The Talent Strategies Workshop was led by Travis Hockaday, a partner at Smith Anderson Law Firm, who specializes in employment-related counseling and risk management advising for clients in a variety of industries. Per Attorney Hockaday, here are some of the changes to expect regarding employment law and regulations.

Key Cases to Watch Within the Justice System Regarding Employment Law:

  • The Supreme Court is currently reviewing decisions to modify the amount of information the Equal Employment Opportunity Commission (EEOC) can subpoena during an investigation and determine the proper standard of review applied to a district court decision involving an EEOC subpoena.
  • An issue that has yet to be resolved within the Justice System is determining whether Title VII also applies to sexual orientation.

Changes to Watch Within the Department of Labor:

  • The Obama Administration issued a change to the salary threshold for salary exempt employees, increasing the salary threshold from $23,660/year to over $47,000/year. This change was put on hold in November of 2016 and is unlikely to move forward, at least in its current state, due to the new administration.

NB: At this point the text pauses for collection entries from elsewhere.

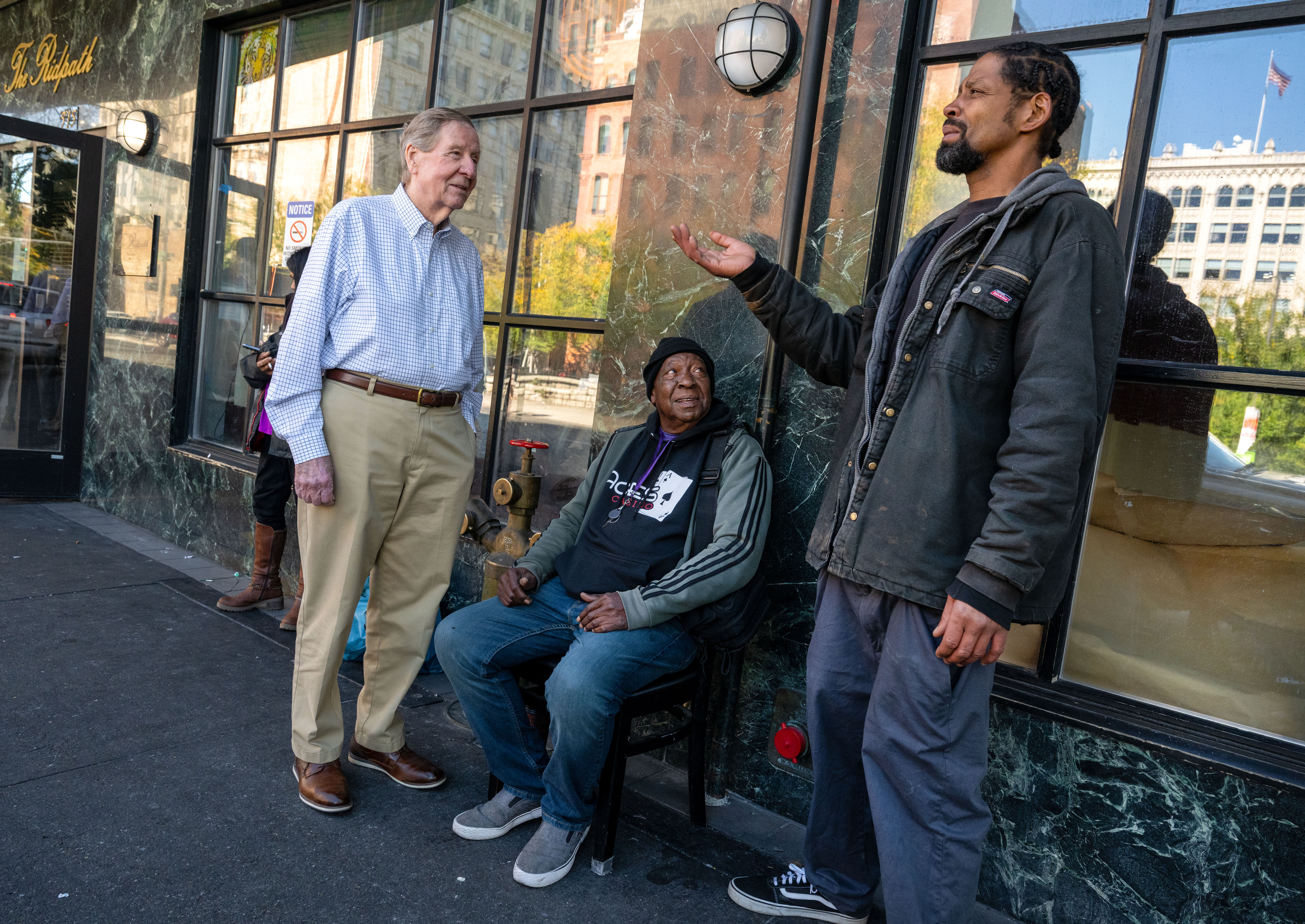 Paul Mann, one of the primary investors who revamped the Ridpath from a shuttered hotel into affordable apartments, lives on the top floor of the building that used to be Ankeny’s Restaurant. On a recent morning, he stood in the lobby chatting with his neighbors before opening the door to a reporter.
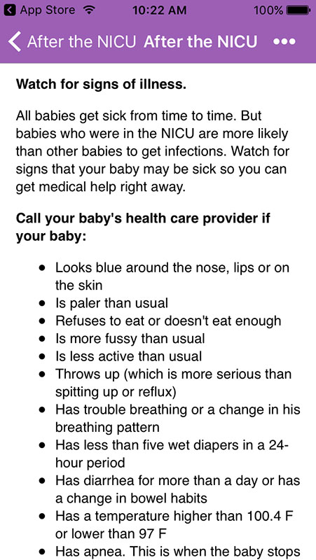 Benefit: Parent and families with an infant in the NICU would benefit from this app. NICU nurses and neonatologists, pediatricians, and any other provider who cares for infants in the NICU may use the app as well.
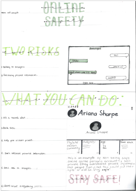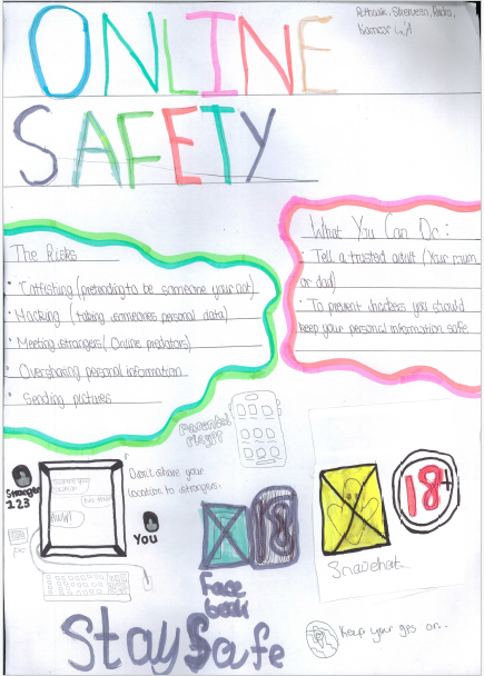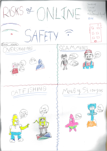 Inayah Mughal [7Y]: We wrote about online safety to show awareness of the dangers and risks that could occur, we learnt how to stay safe online and know the major risks online. Online safety is really important because it can teach you how to stay safe by protecting your personal information, not meeting strangers or talking to them online.
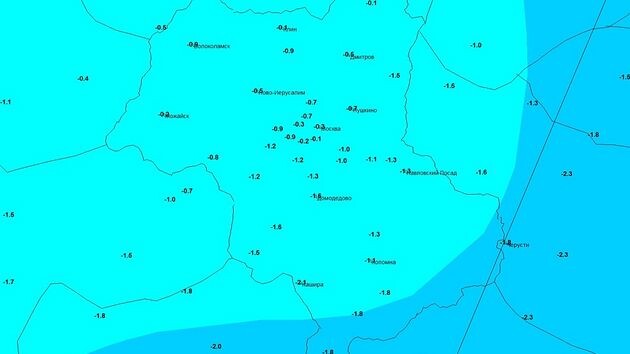 Минувшей ночью впервые с начала календарной зимы температура воздуха в столице опустилась ниже нулевой отметки. По данным базовой метеостанции города ВДНХ, минимум составил −0,3°. На других метеостанциях мегаполиса было от −0,1° на Балчуге до −1,2° в Бутово. Отрицательные температуры наблюдались и на всей территории Московской области, а самой холодной точкой Подмосковья стала Кашира, где минимальная температура составила −2,1°. Ближайшей ночью в регионе вновь заморозки – в Москве 0…−2°, по области 0…−3°. Следующей ночью преобладающий фон температуры будет близок к 0°, а в ночь на пятницу температура останется положительной. Ну а суббота отметится более сильными морозами, и ночная температура впервые с начала месяца опустится к декабрьской норме, а в воскресенье ожидается даже чуть ниже неё. Фото: © Центр ФОБОС

That said, there is a chance that it may come into play with a cost of living adjustment, raising the salary threshold to around $32-33,000/year.
  • The minimum wage increase that the Obama administration proposed, raising the minimum wage to $15 per hour, is unlikely to take effect.

Changes to Watch Within the EEOC and National Labor Regulations Board:

  • Unless the new administration issues a change towards this decision, the EEOC is on track to begin receiving employee pay data, in addition to race and gender information, during 2018 EEO-1 reporting.
  • Both the National Labor Regulations Board (NLRB) and EEOC are expected to take a more “hands-off” approach towards employers with the new administration, with less litigation and decisions regarding employer policy.

Other Changes To Expect

  • An executive order signed by Obama that protects federal contractors from sexual orientation and gender identity discrimination will be upheld by the Trump administration. Additional executive orders regarding federal contractors that may be under review with the new administration include providing paid sick leave to federal contractors and requiring prospective federal contractors to disclose labor law violations and give agencies guidance on how to consider labor violations when awarding federal contracts.
  • We may see more regulation implemented by the new administration in the following areas:
    • Providing six weeks of paid parental leave, funded through the Unemployment Insurance System
    • Mandatory paid sick leave
    • Closing the pay gap between men and women through fair pay regulations
    • Increased incentives for employers to provide childcare options at work
  • President Trump signed an executive order on Wednesday, January 25th that prohibited nationals from seven countries (Iraq, Syria, Iran, Libya, Somalia, Sudan, and Yemen) from entering the United States for a certain period. Two days later, the executive order, which also placed a temporary ban on all refugee admissions into the US, was blocked by a federal judge in the state of Washington. It is currently under review and will likely end up in the Supreme Court. Attorney Hockaday recommends to limit or avoid international travel until the case is resolved and to advise employees who may be affected to expect a much longer and scrutinized process when the time comes to renew visas.
  • While we can expect continued conversation regarding the Affordable Care Act, there is uncertainty regarding how it will be affected by the new administration.
  • North Carolina employers should closely monitor their relationships with independent contractors and 1099 employees. There has been an increased focus regarding potential misclassification of employee statuses.

As experts in recruiting and talent solutions, Greene Resources strives to provide our clients with guidance and up-to-date information so they can make the best decisions regarding their hiring and human resources needs. The Greater Raleigh Chamber of Commerce, through numerous programs like this workshop, continues to provide us the insight and resources necessary to help us prepare for the future and best serve our customers.